俺の足は、五十メートル走のタイムが八秒二という、微妙に突っ込みしずらい俊足だが、あいつはそれよりも遥かに速い足で走っている。正面を走っているあいつの背中が、みるみる遠くなっていく。
あいつのタイムは絶対に七秒台だ。いやもっと速いか? すまないが五十メートル走の平均タイムがどのくらいなのか知らないから、具体的な数値は割り出せそうにもない。
二階にも王師の人たちがいたみたいで、あいつと戦闘になったが、一度も刃を交えないで斬られてしまった。
あいつが通りすぎた跡には、一撃で斬られた人たちが死屍累々と横たわっている。
走り抜けるときにちらりと様子を見てみたけど、言語に絶する状態だった。
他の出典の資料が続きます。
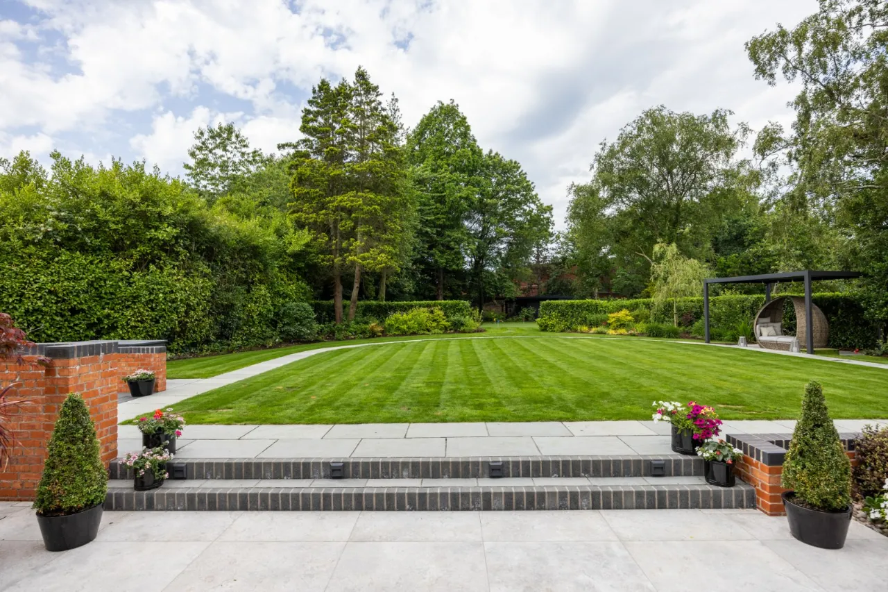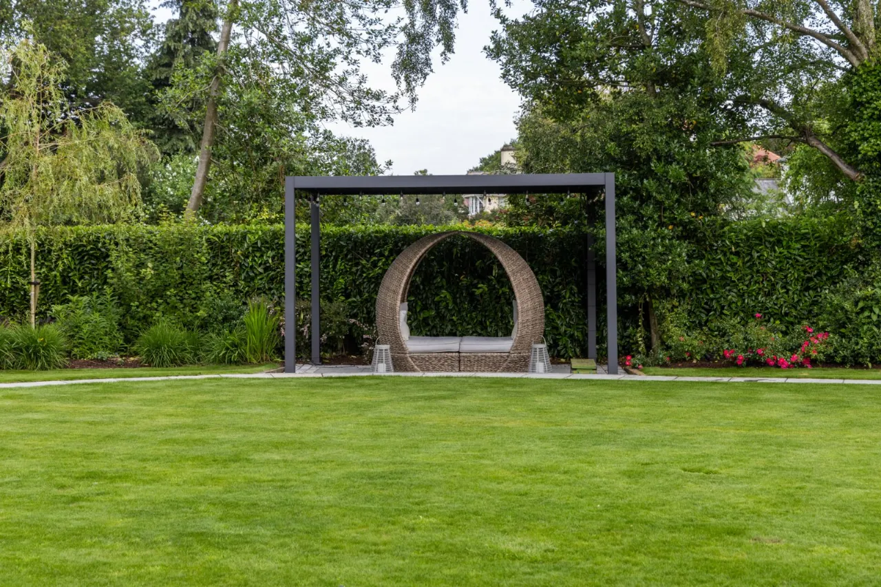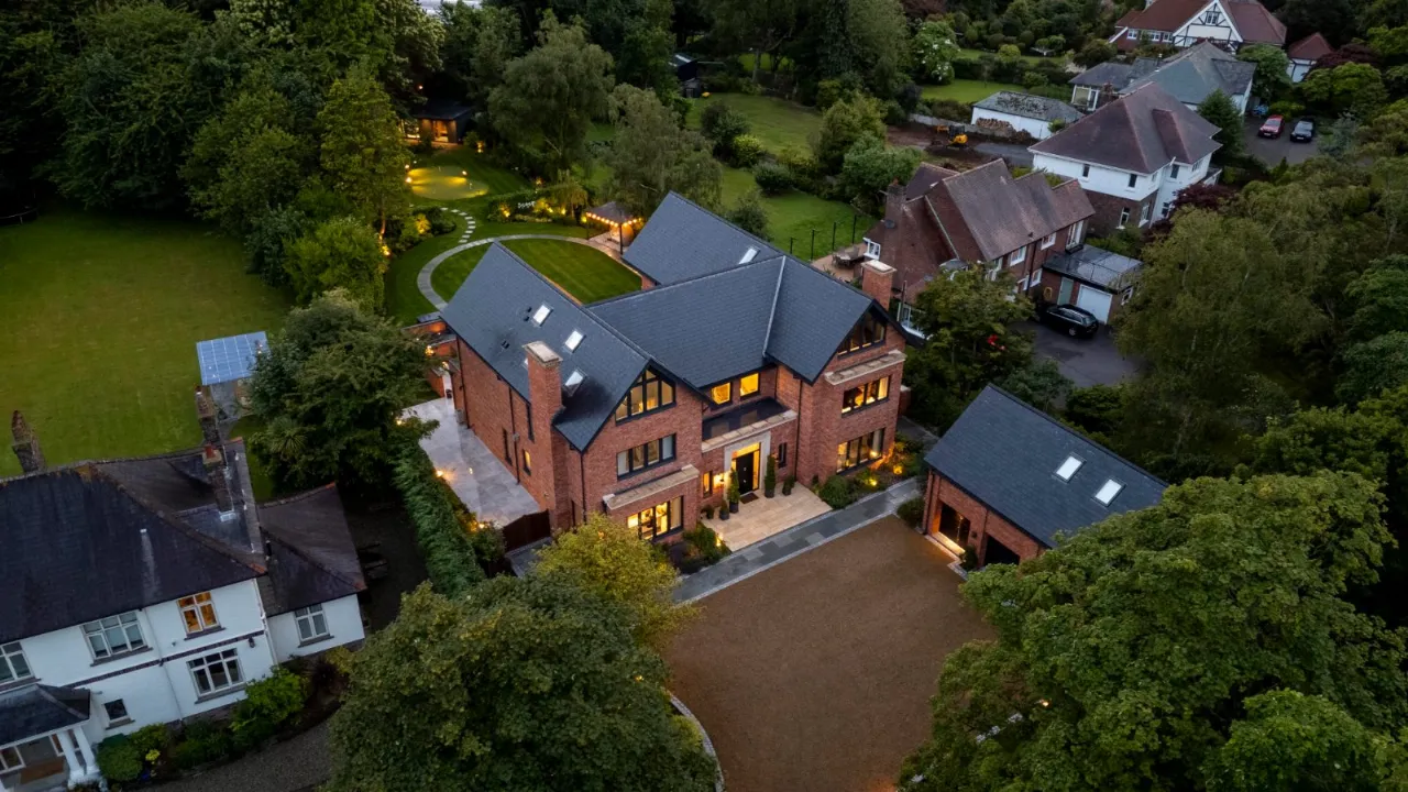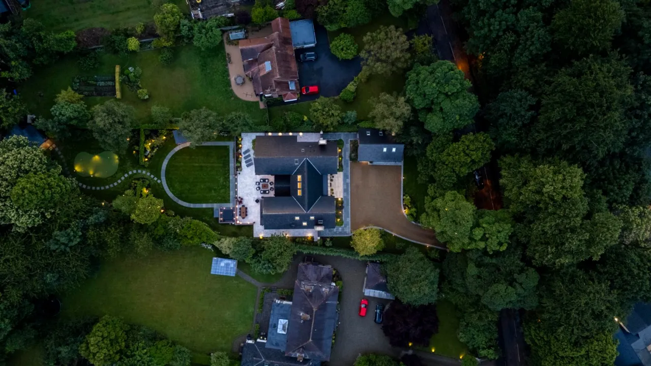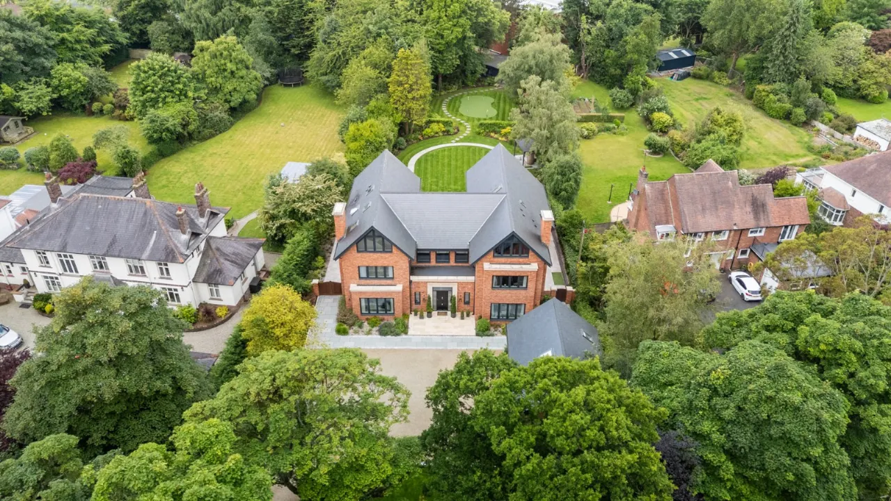 Granite tiles with access points to left and right of front driveway, wide enough for car and trailer down left hand side with double entrance gates, footlighting, mature hedging and stoned garden areas which leads to a large back terrace which has a fantastic entertaining space off the kitchen. Sliding door that opens to outside living room with lighting, fully glazed gas fire overlooking rear gardens and there is also an enclosed BBQ area leading to concertina windows that lead into entertaining area inside. Plumbed for sink, water provision, large built in area for BBQ, gas fire, outside lighting, outside speakers which leads into party room inside. Outside dining space with footlighting, built in half wall with power points. Sun areas in front of the living/dining/kitchen. Steps up to large level lawn which has easy access to hot tub with built in speakers and footlighting. Surrounding the lawn are colourful flowerbeds, specimen trees and hedges which gives privacy. Properly treated grass. Pathway amongst the lawn leading to all weather astroturf. Lighting amongst trees leading to wellness centre/home office with wood effect floor, sliding doors to front and window to side, heating, power door to low flush wc, glazed door leading to sauna overlooking rear gardens and putting green. Garden tool shed / storage to the rear.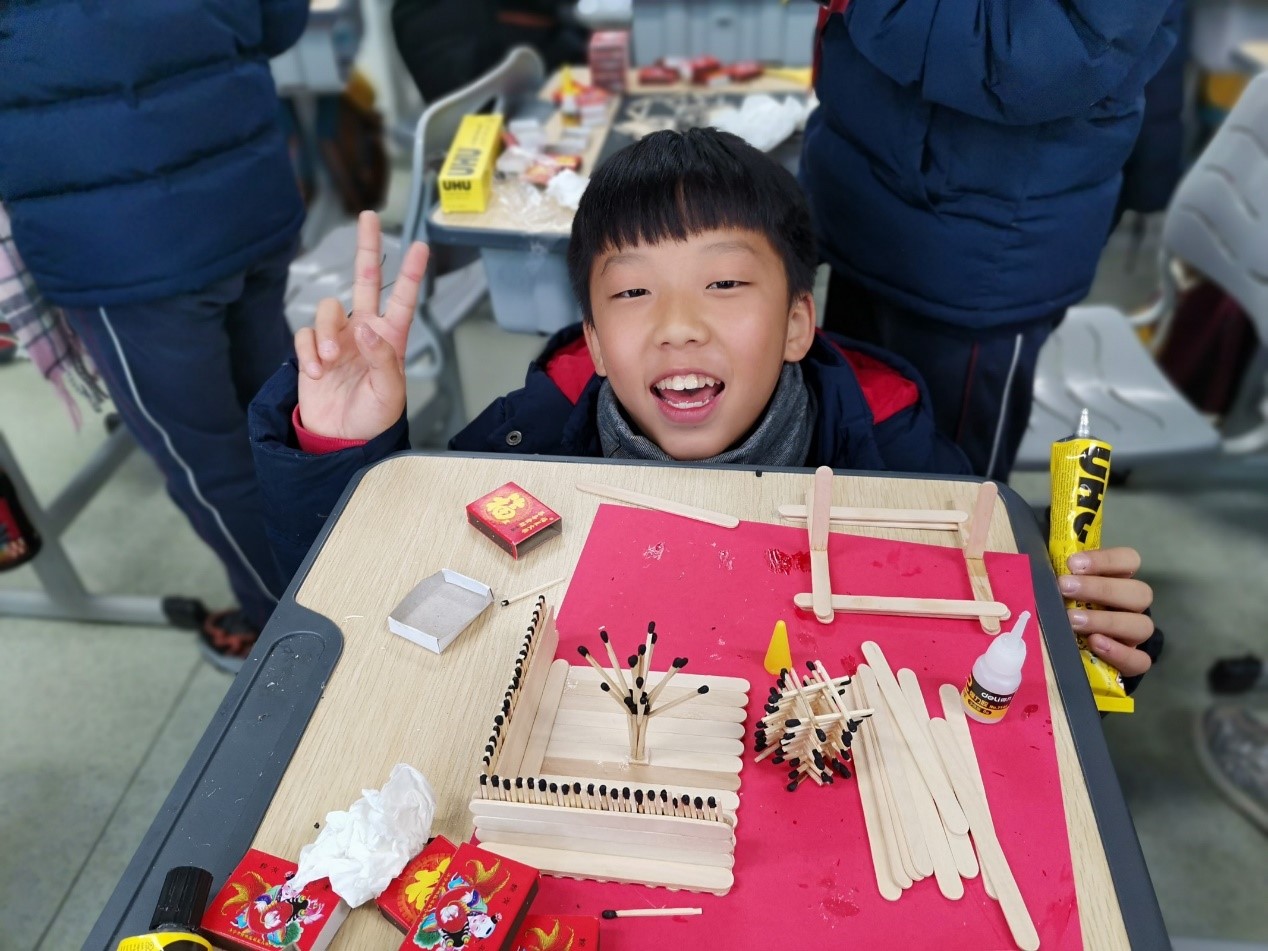 图7:sunbet申愽官网城附属学校小学生参与火柴艺术制作

剣で顔面をぶっ刺されたのか、顔の左半分が無残につぶされていたのだ。
向こうの隅っこでたおれている人は、右のわき腹からものすごい深さで斬り上げられたのか、出てはいけないものが出ているし。こんな惨たらしい光景は直視できないから、黙祷しながら屍を超えていくしかない。
「う……」
後ろからうめき声が聞こえたのでふり返る。イーファさんが壁に手をついてうずくまっていた。
イーファさんは右手でお腹をおさえて、すごく気持ち悪そうにしている。
「だいじょうぶですか」
セラフィのことが気がかりだが、イーファさんを放置するわけにもいかない。どうしたらいいのかわからないので、とりあえず背中をさすってみるが、こんなことで気分が回復するわけがない。ただでさえ白い顔も蒼白だし。
「すみませ――」
イーファさんは懸命に起き上がろうとするけど、耐え切れずに廊下に嘔吐してしまった。胃液しか出ていなかったが。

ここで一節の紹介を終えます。